CristinaTheAstonishing · 26/03/2007 15:55

Gess - do you feel sorry (for want of a better word) for your DS2 and 3 for not doing things with them because you think they are irrelevant or that you might not like them for yourself? I used to do far more outside stuff with my DS, I think I wanted to prove to myself that things are really OK. Now with DD I just think many of the organised activities are just a waste of time and money. Do you think it's more of a second-child thing rather than SN non-SN?

sheeps · 26/03/2007 19:38

Annie

I know exactly how you feel. My DS is a year old and I find people are just so insensitive. One friend recently was moaning on about her child (a month younger)was late to crawl while my DS isn't even sitting up yet and is so far behind.
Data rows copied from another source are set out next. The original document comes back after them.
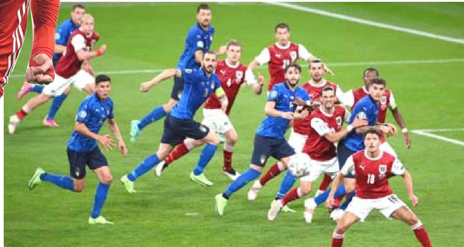
تأمل: منتخب إيطاليا يتأهل بصعوبة إلى الدور المقبل في منافسات يورو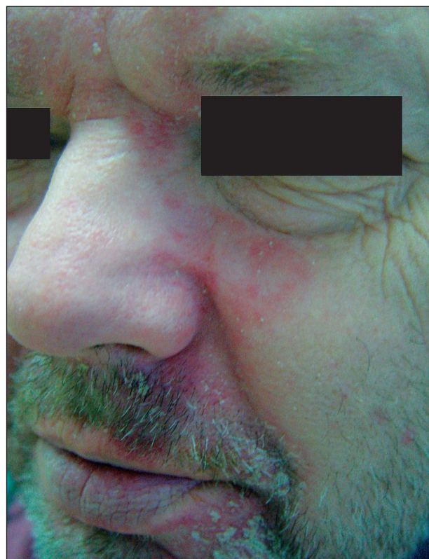
Obr. 4. DS faciei.

Dermatitis seborrhoica corporis (obr. 7) vytváří eryte-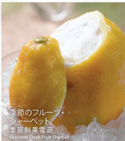
季節のフルーツ・ シャーベット 季節鮮果雪葩 Seasonal Fresh Fruit Sherbet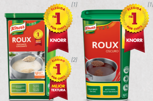
Roux (Harina de Trigo y Grasa)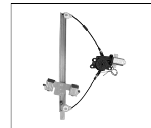
Nostro alzacrystallo – our window regulator – notre lève-vitre – unser Fensterheber – nuestro elevallunas – nosso levantador de vidro - bizim cam acacagi - Γρύλος δικός μας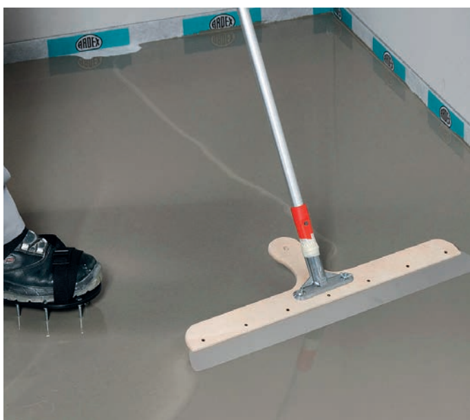
ARDEX K 40 ja ARDEX K 33 ovat M1-luokiteltuja tasoitteita, joilla saadaan helposti valmis pinta päällysteelle.

Peitelevyjien ja -listojen kiinnittäminen tehdään vaurioittamatta tiivistystä. Asennusliimalla tehtävät listakiinnitykset tehdään ARDEX CA 20 P -asennusliimalla. Asennusliima on nopea, polymeeripohjainen ja ylimalattavissa.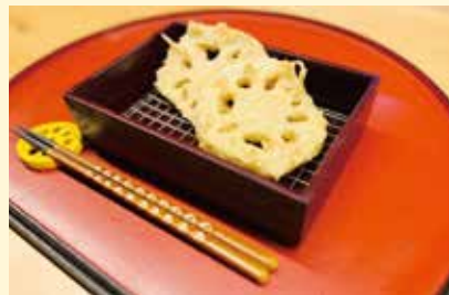
◀れんこんの天ぷら ..... 300円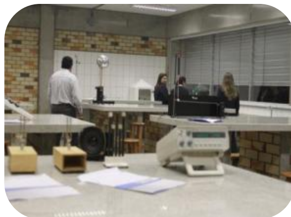
IMAGENS DOS LABORATÓRIOS DO BLOCO D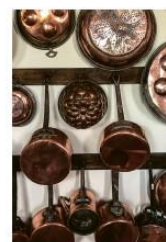
01. Dans la cuisine du 19 e s. 02. Grand escalier

« Le patrimoine est un témoignage social tout à fait exceptionnel. On lui doit un minimum de respect, à la fois pour le bâti lui-même, et pour ces hommes qui ont tant peiné à le construire. »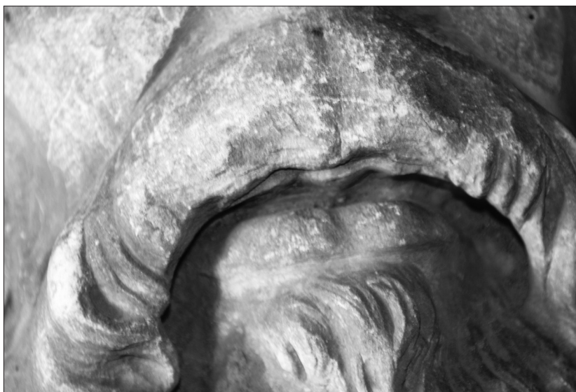
Fig.6. Cap de profet, detaliu gură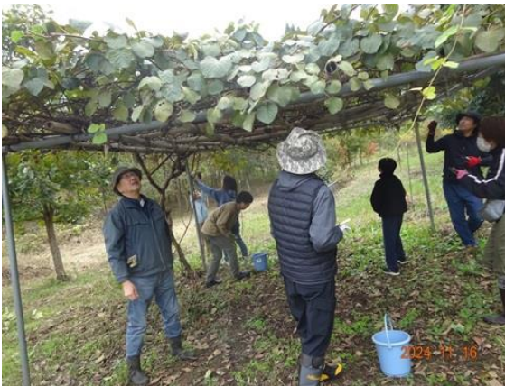
キウイフルーツの収穫作業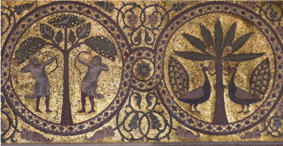
Figure 8. Mosaics in Castello della Zisa (Palermo).

A question arises: will changes in urban and natural landscape due to RPW attacks modify the perception, appreciation and total value of Sicilian arts in the future? [20-21]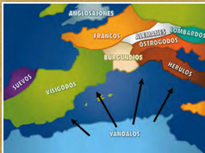
Los vándalos atacaron desde el sur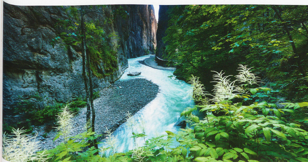
Desfiladero del Aare entre Meiringen e Innertkirchen, en el cantón de Berna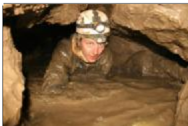
Viena lietuvių speleologų komanda po žeme praleido 36 valandas.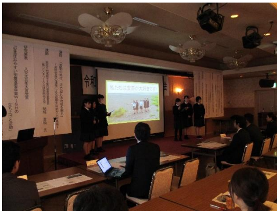
生徒研究発表(安芸桜ヶ丘高校チーム WISH)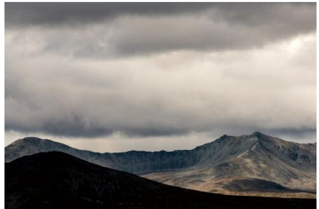
06_PLATE 97 Alaska, Valdez Range, 2017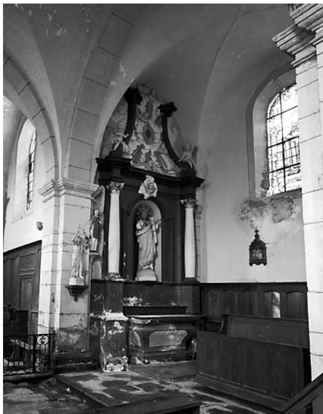
Vue générale de l'autel-retable latéral droit. 70, Tromarey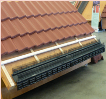
Dakvoet met de Monier Vogelvide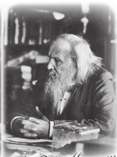
В. И. Вернадский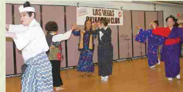
Final de la festividad por el año nuevo 2014.

Realizamos 2 eventos al año: el picnic de primavera y el "shinnenkai" de invierno (fiesta de año nuevo). Contamos con un grupo de sanshin y uno de danzas okinawenses que se reúnen regularmente para realizar las prácticas. Como resultado, organizamos eventos junto con otros grupos nikkei y tenemos actividades de intercambio con kenjinkais de otros estados y comunidades regionales.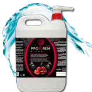
PROKREM Crema lavamanos para mecánico

I've come to the conclusion that a lot of people are just so wrapped up in their own lives they don't even imagine for a minute what it must be like for us, and with life being a constant stream of hospital appts. Its really hard, but I'm told you get hardened to it eventually, although I can't imagine it at the moment!

Gess · 26/03/2007 20:11

I think some of it is 1st vs 2nd child. After ds3 was born I did host a coffee morning for bumps and babies, found it intolerable and cancelled my next one , but I think a lot of that was 1st vs 2nd. I did do some stuff with them as well- but made sure it was organised activities iyswim.

I also started both of them at nursery quite young (by 2) because I wanted them to get "normal' peer interactions. DS1 wasn't a good role model. They've both enjoyed that though luckily!

mymatemax · 26/03/2007 23:27

I think I am less tolerant of moaners now.
I count myself very lucky to have my 2 ds's (nt &sn) at my ds2s birthday party there were children & parents from sn playgoup & ms playschool... one of the nt mums sat moaning about the lack of clubs available for 3 & 4 year olds as we are in a rural area & how she was so worried that her ds wasn't being stimulated enough...she really wasn't sleeping at all with all the worry, poor thing!
The sn mums were too busy sharing a bottle of wine & relaxing for a couple of precious hours to even acknowledge her pointless moans.

CristinaTheAstonishing · 27/03/2007 16:48

Gess - thanks for your reply.

Mymatemax - I think the importance of clubs and "stimulation" for very young ones (non-SN) are vastly over-appreciated, especially by first-time parents.

lourobert · 27/03/2007 19:22

I can totally relate to you annie bear. Sometimes Id give anything to know what it like to have lived the past 17 months with a 'normal' child, without the hospital appointments, the worry ,stress, the list goes on. I sometimes find myself envoius of my friend with a son 4 months younger than mine.

It did get to me when people moan about their kids, at first, but not so much now...! Its still hard but i can somehow npot let myself get bothered by it so much...?! I suppose thiking about it maybe Im finding all esier now that I know my ds is making strides?!